Bruno Le Maire, le ministre de l'Economie, s'est rendu à Flavigny (Marne) pour célébrer la fête de Saint-Vincent, le patron des vignerons. Lors de cet événement, il a annoncé que les contrôles concernant les négociations en cours entre les distributeurs et les agriculteurs seraient multipliés dès la semaine prochaine. Il a également affirmé que les distributeurs qui ne respecteront pas les dispositions de la loi Egalim seront sanctionnés sans aucune tolérance de la part du gouvernement.
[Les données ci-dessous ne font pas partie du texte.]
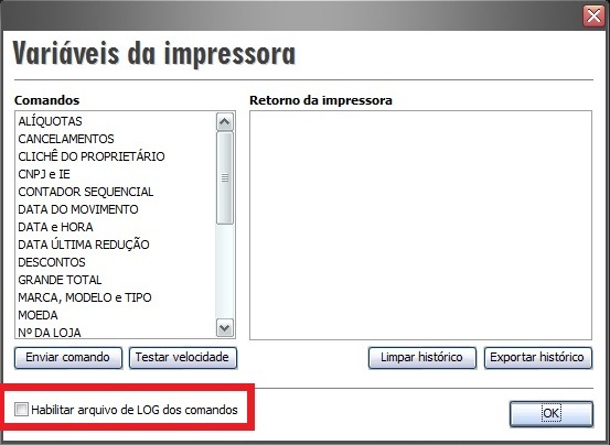Marque a opção Habilitar arquivo de LOG dos comandos;
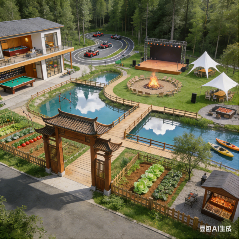全天主题团建:分小组完成 “农耕任务 + 趣味竞技”(如:蔬菜采摘竞速、卡丁车接力赛、皮划艇编队赛);
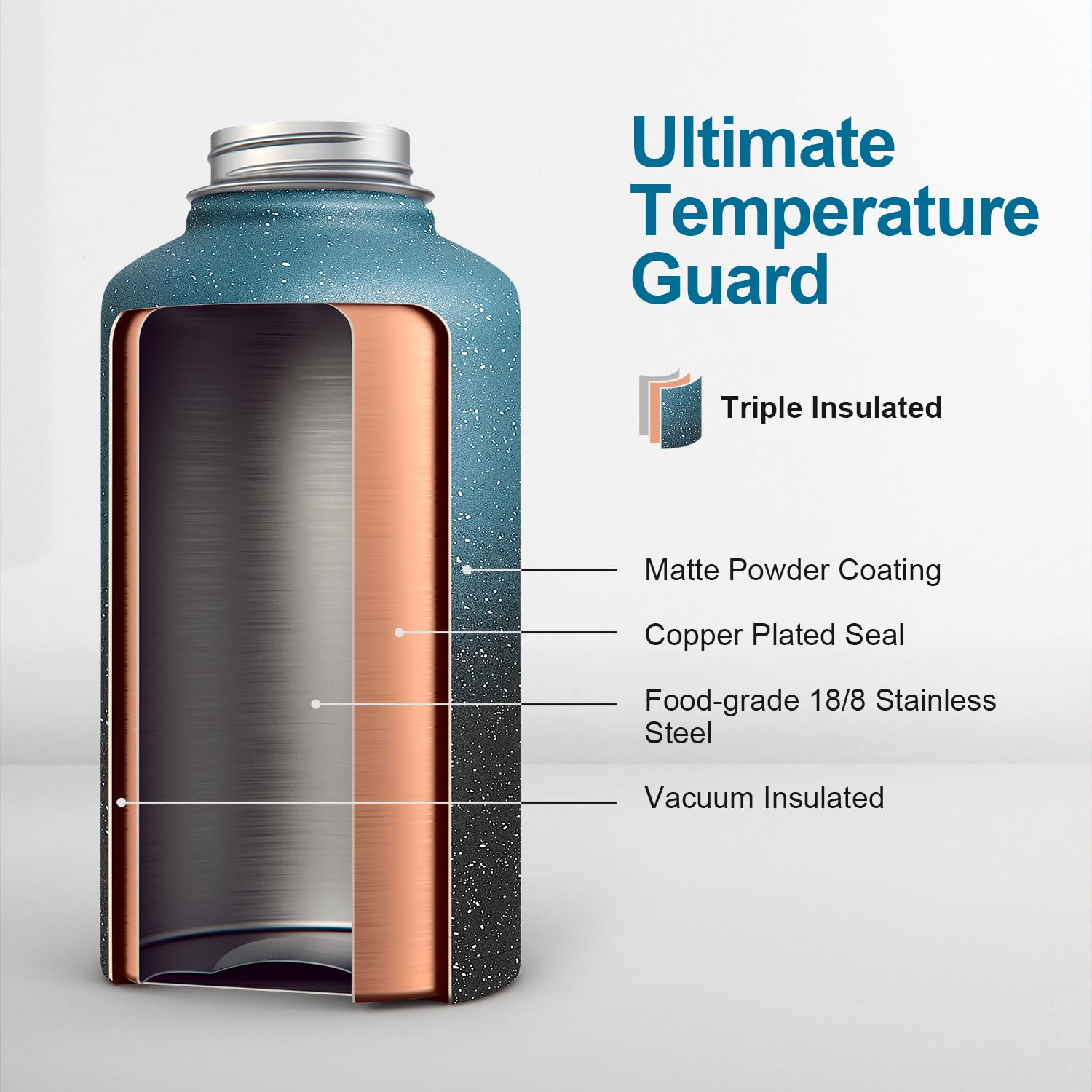 【Vacuum Insulated】This half gallon water bottle is made of copper-plated stainless steel with a double-wall vacuum structure, which keeps cold for up to 48 hours and hot for 24 hours so that every drop is refreshingly cool and true to its taste.
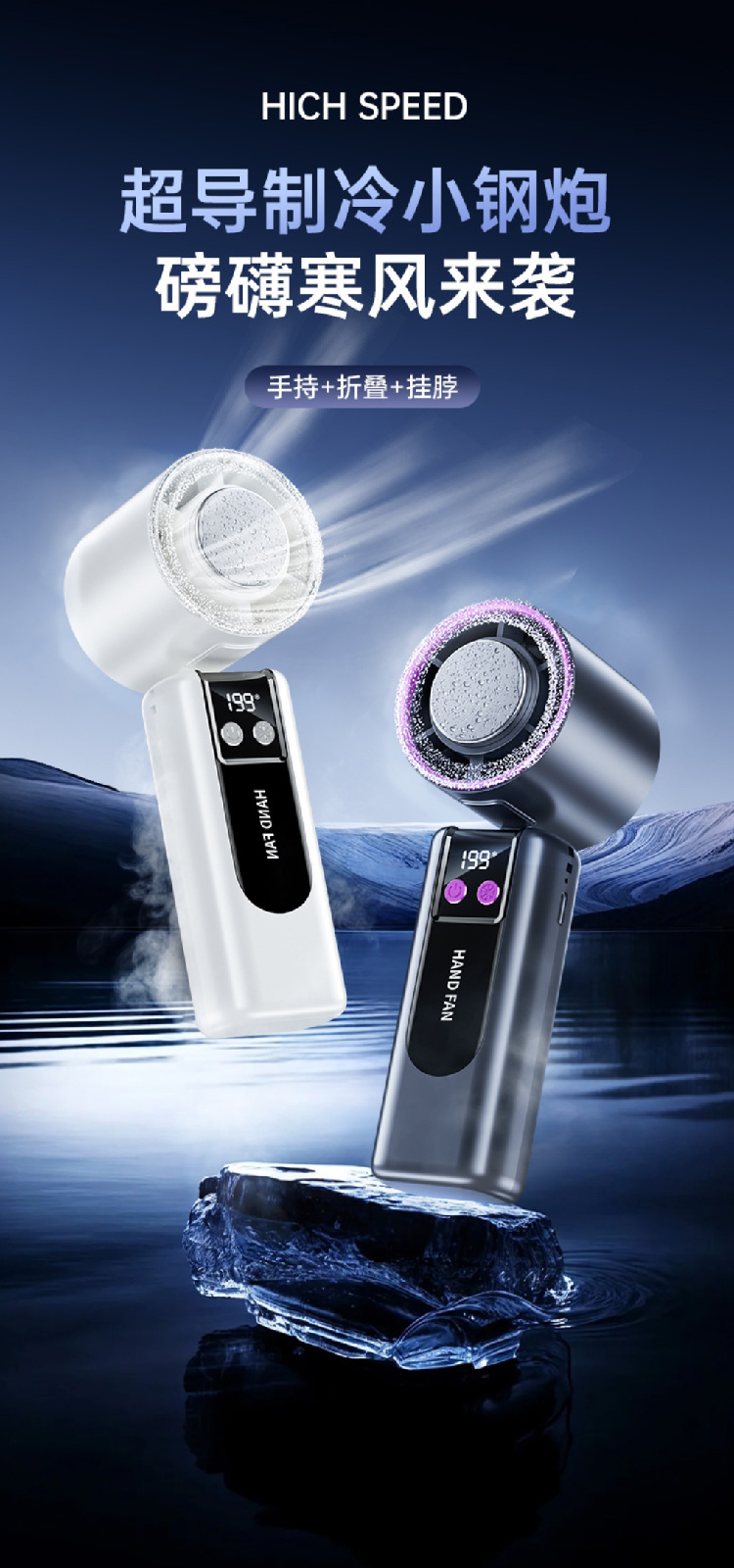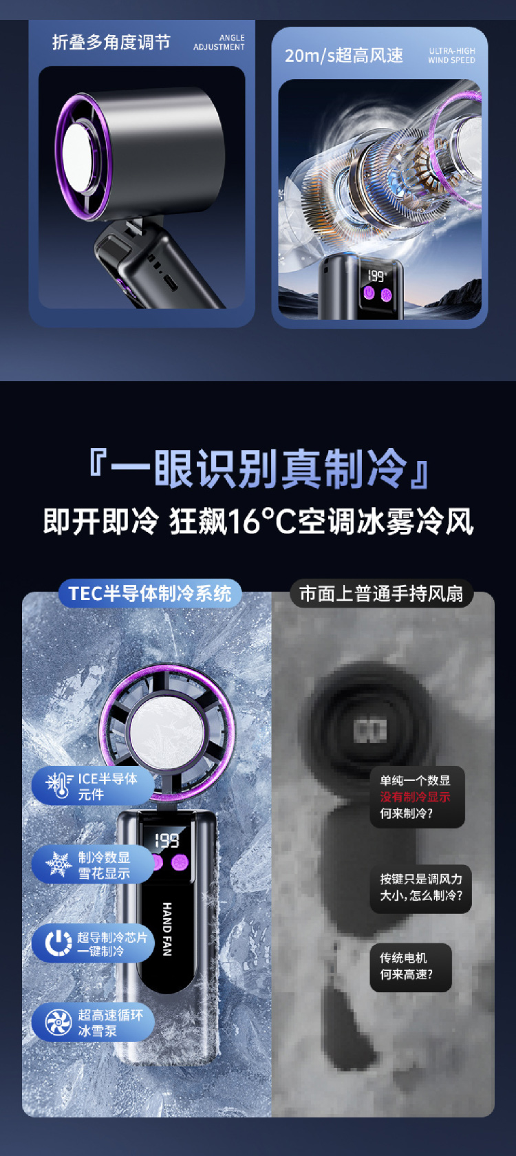 【冷风扇“小空调”】2025新款冰敷手持高速风扇半导体制冷 手持风扇便携式充电折叠小风扇

Je témoigne d'un grand respect envers les producteurs de vin et je suis très attaché à la viticulture française. Ma présence à la Saint-Vincent, à Avize, est une façon d'exprimer mon soutien total envers ce secteur, les traditions françaises et le monde du vin. pic.twitter.com/qsBagGiOBP
Quant à Gabriel Attal, Premier ministre, il s'est rendu dans le département du Rhône afin d'évaluer la situation de la France rurale. Il a souligné que l'agriculture est un enjeu majeur et a affirmé que la France est fière de posséder une agriculture solide et de grande qualité. Il a également précisé que son gouvernement ne tolérera pas sa perte. Par ailleurs, Gabriel Attal prévoit de rencontrer les représentants des syndicats alliés FNSEA/Jeunes agriculteurs lors de sa réunion lundi soir.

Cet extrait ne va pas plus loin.